• WORK INSTRUCTION:
Output the material exactly, with every line intact.

• TASK DATA:
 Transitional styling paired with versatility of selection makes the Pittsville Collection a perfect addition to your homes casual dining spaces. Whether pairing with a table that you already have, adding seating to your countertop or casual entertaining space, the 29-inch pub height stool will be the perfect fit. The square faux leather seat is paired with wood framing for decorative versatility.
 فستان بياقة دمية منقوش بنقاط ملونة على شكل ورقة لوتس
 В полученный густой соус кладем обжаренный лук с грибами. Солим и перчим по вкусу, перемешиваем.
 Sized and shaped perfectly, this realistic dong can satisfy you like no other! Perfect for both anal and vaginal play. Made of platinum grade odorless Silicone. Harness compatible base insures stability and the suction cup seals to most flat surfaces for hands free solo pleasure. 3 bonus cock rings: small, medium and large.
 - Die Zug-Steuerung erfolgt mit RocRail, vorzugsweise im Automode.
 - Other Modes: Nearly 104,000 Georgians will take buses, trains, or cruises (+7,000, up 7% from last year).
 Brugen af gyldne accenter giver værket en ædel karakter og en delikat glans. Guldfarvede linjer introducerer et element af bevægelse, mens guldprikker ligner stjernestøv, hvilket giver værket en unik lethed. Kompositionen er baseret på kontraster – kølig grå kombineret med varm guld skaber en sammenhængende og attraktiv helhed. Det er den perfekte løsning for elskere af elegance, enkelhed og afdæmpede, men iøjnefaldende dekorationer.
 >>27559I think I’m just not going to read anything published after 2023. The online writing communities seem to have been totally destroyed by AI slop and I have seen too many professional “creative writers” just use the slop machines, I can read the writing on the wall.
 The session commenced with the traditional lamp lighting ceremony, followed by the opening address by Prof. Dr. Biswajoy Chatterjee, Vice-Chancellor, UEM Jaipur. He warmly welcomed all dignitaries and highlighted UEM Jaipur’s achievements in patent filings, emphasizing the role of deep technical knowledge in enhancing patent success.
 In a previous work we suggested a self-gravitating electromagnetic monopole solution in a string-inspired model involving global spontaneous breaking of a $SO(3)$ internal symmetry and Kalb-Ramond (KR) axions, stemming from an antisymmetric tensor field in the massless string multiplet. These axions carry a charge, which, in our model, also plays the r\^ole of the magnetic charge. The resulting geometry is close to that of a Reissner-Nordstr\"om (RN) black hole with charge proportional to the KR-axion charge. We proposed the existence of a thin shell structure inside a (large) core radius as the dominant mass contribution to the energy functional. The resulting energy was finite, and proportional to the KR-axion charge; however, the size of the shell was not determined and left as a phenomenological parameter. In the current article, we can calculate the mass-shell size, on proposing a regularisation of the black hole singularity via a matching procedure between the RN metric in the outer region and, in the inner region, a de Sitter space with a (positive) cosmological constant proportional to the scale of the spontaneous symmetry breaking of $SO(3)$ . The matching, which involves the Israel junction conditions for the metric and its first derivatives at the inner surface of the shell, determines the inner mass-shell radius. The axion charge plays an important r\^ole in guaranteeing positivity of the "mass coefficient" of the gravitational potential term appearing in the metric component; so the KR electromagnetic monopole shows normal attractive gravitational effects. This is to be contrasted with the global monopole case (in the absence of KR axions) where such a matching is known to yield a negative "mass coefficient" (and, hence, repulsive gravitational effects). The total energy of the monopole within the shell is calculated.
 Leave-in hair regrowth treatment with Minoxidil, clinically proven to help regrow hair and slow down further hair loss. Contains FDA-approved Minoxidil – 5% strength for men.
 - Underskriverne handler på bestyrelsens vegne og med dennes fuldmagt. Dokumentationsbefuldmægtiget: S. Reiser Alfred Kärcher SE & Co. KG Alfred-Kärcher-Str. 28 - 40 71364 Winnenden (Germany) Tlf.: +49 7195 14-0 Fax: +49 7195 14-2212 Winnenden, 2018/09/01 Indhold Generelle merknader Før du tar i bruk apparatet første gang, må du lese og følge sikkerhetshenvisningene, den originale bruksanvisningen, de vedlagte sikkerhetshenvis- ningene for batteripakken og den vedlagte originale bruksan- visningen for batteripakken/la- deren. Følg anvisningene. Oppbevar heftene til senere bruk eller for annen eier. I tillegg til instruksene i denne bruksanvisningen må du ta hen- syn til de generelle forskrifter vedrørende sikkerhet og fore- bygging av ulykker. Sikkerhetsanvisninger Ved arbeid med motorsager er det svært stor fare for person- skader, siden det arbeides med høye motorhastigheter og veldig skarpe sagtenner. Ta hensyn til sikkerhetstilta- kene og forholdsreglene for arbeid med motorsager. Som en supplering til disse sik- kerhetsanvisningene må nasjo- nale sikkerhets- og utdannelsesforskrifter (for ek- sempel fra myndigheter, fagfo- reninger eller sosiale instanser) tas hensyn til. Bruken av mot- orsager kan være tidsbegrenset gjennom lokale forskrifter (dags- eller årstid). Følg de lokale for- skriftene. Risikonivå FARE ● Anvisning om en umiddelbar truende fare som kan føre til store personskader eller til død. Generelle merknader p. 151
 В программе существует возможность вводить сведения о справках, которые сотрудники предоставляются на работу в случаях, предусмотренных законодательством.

• REPLY TO THE TASK:
 Transitional styling paired with versatility of selection makes the Pittsville Collection a perfect addition to your homes casual dining spaces. Whether pairing with a table that you already have, adding seating to your countertop or casual entertaining space, the 29-inch pub height stool will be the perfect fit. The square faux leather seat is paired with wood framing for decorative versatility.
 فستان بياقة دمية منقوش بنقاط ملونة على شكل ورقة لوتس
 В полученный густой соус кладем обжаренный лук с грибами. Солим и перчим по вкусу, перемешиваем.
 Sized and shaped perfectly, this realistic dong can satisfy you like no other! Perfect for both anal and vaginal play. Made of platinum grade odorless Silicone. Harness compatible base insures stability and the suction cup seals to most flat surfaces for hands free solo pleasure. 3 bonus cock rings: small, medium and large.
 - Die Zug-Steuerung erfolgt mit RocRail, vorzugsweise im Automode.
 - Other Modes: Nearly 104,000 Georgians will take buses, trains, or cruises (+7,000, up 7% from last year).
 Brugen af gyldne accenter giver værket en ædel karakter og en delikat glans. Guldfarvede linjer introducerer et element af bevægelse, mens guldprikker ligner stjernestøv, hvilket giver værket en unik lethed. Kompositionen er baseret på kontraster – kølig grå kombineret med varm guld skaber en sammenhængende og attraktiv helhed. Det er den perfekte løsning for elskere af elegance, enkelhed og afdæmpede, men iøjnefaldende dekorationer.
 >>27559I think I’m just not going to read anything published after 2023. The online writing communities seem to have been totally destroyed by AI slop and I have seen too many professional “creative writers” just use the slop machines, I can read the writing on the wall.
 The session commenced with the traditional lamp lighting ceremony, followed by the opening address by Prof. Dr. Biswajoy Chatterjee, Vice-Chancellor, UEM Jaipur. He warmly welcomed all dignitaries and highlighted UEM Jaipur’s achievements in patent filings, emphasizing the role of deep technical knowledge in enhancing patent success.
 In a previous work we suggested a self-gravitating electromagnetic monopole solution in a string-inspired model involving global spontaneous breaking of a $SO(3)$ internal symmetry and Kalb-Ramond (KR) axions, stemming from an antisymmetric tensor field in the massless string multiplet. These axions carry a charge, which, in our model, also plays the r\^ole of the magnetic charge. The resulting geometry is close to that of a Reissner-Nordstr\"om (RN) black hole with charge proportional to the KR-axion charge. We proposed the existence of a thin shell structure inside a (large) core radius as the dominant mass contribution to the energy functional. The resulting energy was finite, and proportional to the KR-axion charge; however, the size of the shell was not determined and left as a phenomenological parameter. In the current article, we can calculate the mass-shell size, on proposing a regularisation of the black hole singularity via a matching procedure between the RN metric in the outer region and, in the inner region, a de Sitter space with a (positive) cosmological constant proportional to the scale of the spontaneous symmetry breaking of $SO(3)$ . The matching, which involves the Israel junction conditions for the metric and its first derivatives at the inner surface of the shell, determines the inner mass-shell radius. The axion charge plays an important r\^ole in guaranteeing positivity of the "mass coefficient" of the gravitational potential term appearing in the metric component; so the KR electromagnetic monopole shows normal attractive gravitational effects. This is to be contrasted with the global monopole case (in the absence of KR axions) where such a matching is known to yield a negative "mass coefficient" (and, hence, repulsive gravitational effects). The total energy of the monopole within the shell is calculated.
 Leave-in hair regrowth treatment with Minoxidil, clinically proven to help regrow hair and slow down further hair loss. Contains FDA-approved Minoxidil – 5% strength for men.
 - Underskriverne handler på bestyrelsens vegne og med dennes fuldmagt. Dokumentationsbefuldmægtiget: S. Reiser Alfred Kärcher SE & Co. KG Alfred-Kärcher-Str. 28 - 40 71364 Winnenden (Germany) Tlf.: +49 7195 14-0 Fax: +49 7195 14-2212 Winnenden, 2018/09/01 Indhold Generelle merknader Før du tar i bruk apparatet første gang, må du lese og følge sikkerhetshenvisningene, den originale bruksanvisningen, de vedlagte sikkerhetshenvis- ningene for batteripakken og den vedlagte originale bruksan- visningen for batteripakken/la- deren. Følg anvisningene. Oppbevar heftene til senere bruk eller for annen eier. I tillegg til instruksene i denne bruksanvisningen må du ta hen- syn til de generelle forskrifter vedrørende sikkerhet og fore- bygging av ulykker. Sikkerhetsanvisninger Ved arbeid med motorsager er det svært stor fare for person- skader, siden det arbeides med høye motorhastigheter og veldig skarpe sagtenner. Ta hensyn til sikkerhetstilta- kene og forholdsreglene for arbeid med motorsager. Som en supplering til disse sik- kerhetsanvisningene må nasjo- nale sikkerhets- og utdannelsesforskrifter (for ek- sempel fra myndigheter, fagfo- reninger eller sosiale instanser) tas hensyn til. Bruken av mot- orsager kan være tidsbegrenset gjennom lokale forskrifter (dags- eller årstid). Følg de lokale for- skriftene. Risikonivå FARE ● Anvisning om en umiddelbar truende fare som kan føre til store personskader eller til død. Generelle merknader p. 151
 В программе существует возможность вводить сведения о справках, которые сотрудники предоставляются на работу в случаях, предусмотренных законодательством.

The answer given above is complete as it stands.